II.                La décision contestée

[13]           Au terme de neuf journées d’audience, le juge a rejeté l’appel interjeté par l’appelant. Dans une décision de 40 pages, il a écarté tous les arguments qu’avait fait valoir l’appelant à l’encontre de la validité de sa cotisation de février 2004, à savoir (1) l’existence de droits ancestraux; (2) l’incompatibilité entre la LTA et la LI; (3) l’application discriminatoire de la LTA en vertu de l’article 15 de la Charte canadienne des droits et libertés, partie I de la Loi constitutionnelle de 1982 (la Charte); (4) l’absence d’équité procédurale; et (5) la prescription et la surestimation de la cotisation en litige. Ce dernier argument n’a pas été repris en appel. Je résumerai brièvement les motifs du juge dans les paragraphes qui suivent.

[14]           Dans un premier temps, le juge s’est attardé aux témoignages des experts retenus par les deux parties.

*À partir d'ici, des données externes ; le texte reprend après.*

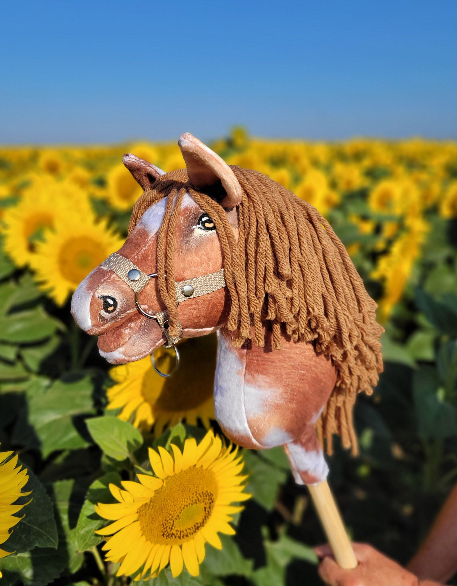 Ontdek het plezier en de actie met deze prachtige, realistische Super Hobby Horse op stok, formaat A4. Dit handgemaakte tobiano bay paard met zachte bruine manen en een rijk gedetailleerde uitstraling zorgt voor eindeloos speelplezier thuis of buiten.

Monsieur Claude Gélinas, historien et anthropologue, a témoigné pour le compte de l’appelant sur la base d’un rapport d’expertise intitulé « Les Montagnais du Lac Saint-Jean et leur tradition de commerce des fourrures ». D’après le sommaire qu’en fait le juge, il existerait une tradition de commerce chez les autochtones de cette région depuis la préhistoire. Cette pratique s’exerçait dans un contexte de pleine autonomie politique et narrative, et s’inscrivait dans le cadre de réseaux d’échange étendus à grande échelle; les peuples autochtones de la région échangeaient avec des populations avoisinantes dans une perspective de subsistance et de bonification de leur qualité de vie, et ce le plus souvent avec des fourrures.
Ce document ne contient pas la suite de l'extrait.